Just a Gal from Glidden: Right on time again
By Kate Winquist
There are some things you don’t realize you’ve missed until they come back.
Last week, Bev Klaassen stopped into my office, and she was genuinely excited. Not mildly pleased. Not politely interested. Excited.
“The clock is working,” she said.
Klaassen has worked at the Kindersley Post Office for 24 years. She has seen a lot come and go. So when something catches her attention like that, you listen.
And just like that, something small felt big.
The clock on the Kindersley Post Office tower—one of those features you glance at without thinking—had quietly been brought back to life. For the first time in decades, it is keeping proper time again.
Kindersley Post Office March 25, 2026. Photo by Doug Elmhurst
No announcement. No ribbon cutting. No budget line.

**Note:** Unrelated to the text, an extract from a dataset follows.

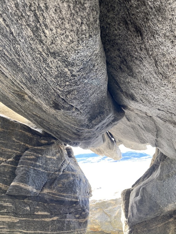 Burly boulder which starts under the boulder, Needs more brushing and has a narrow exit :-)

Just one person who decided it mattered enough to fix it.
The individual, who wants to remain anonymous, researched the mechanism, sourced the parts, and did the work. No compensation. No recognition. Just a desire to see something in the community restored.
And now, it works.
Bev also told me about local photography enthusiast Doug Elmhurst, who was among the first to notice the clock was working again.

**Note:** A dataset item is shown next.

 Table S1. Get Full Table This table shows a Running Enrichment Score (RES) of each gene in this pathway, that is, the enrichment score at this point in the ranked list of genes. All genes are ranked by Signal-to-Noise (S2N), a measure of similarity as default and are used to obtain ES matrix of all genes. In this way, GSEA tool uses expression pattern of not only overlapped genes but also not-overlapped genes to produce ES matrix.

As it turns out, I had the same moment.
I was leaving the office to head to the bank when I saw Doug coming up the street. We caught each other’s eye and, almost in unison, said it:
“The clock is working again!”
That’s when I realized — it mattered more than I thought.
The Kindersley Post Office is more than just a place to pick up parcels. It is a municipal heritage building. It has presence. It has history. It stands for something.
In recent years, it has seen upgrades that respect that history. But this one is different — it came from the heart.
When Klaassen talked about it, you could hear the pride. Not just in the building, but in the fact that someone cared enough to step forward.
That’s what stuck with me, because it took me right back to being a young girl on the farm at Glidden.
Glidden Post Office 1953-1982. Photo from “As It Happened … History of the R.M. of Newcombe #260”
The post office is still there, running out of a local resident’s home. Carla Motz has been looking after it since 1982, and before her it was Adam and Bessie Hammel. Different people, same quiet commitment.
Our family box number was 177, S0L 1H0. You don’t forget details like that when you grow up in a small community.
I remember walking in — the familiarity, and the sense that this small place connected us to the wider world.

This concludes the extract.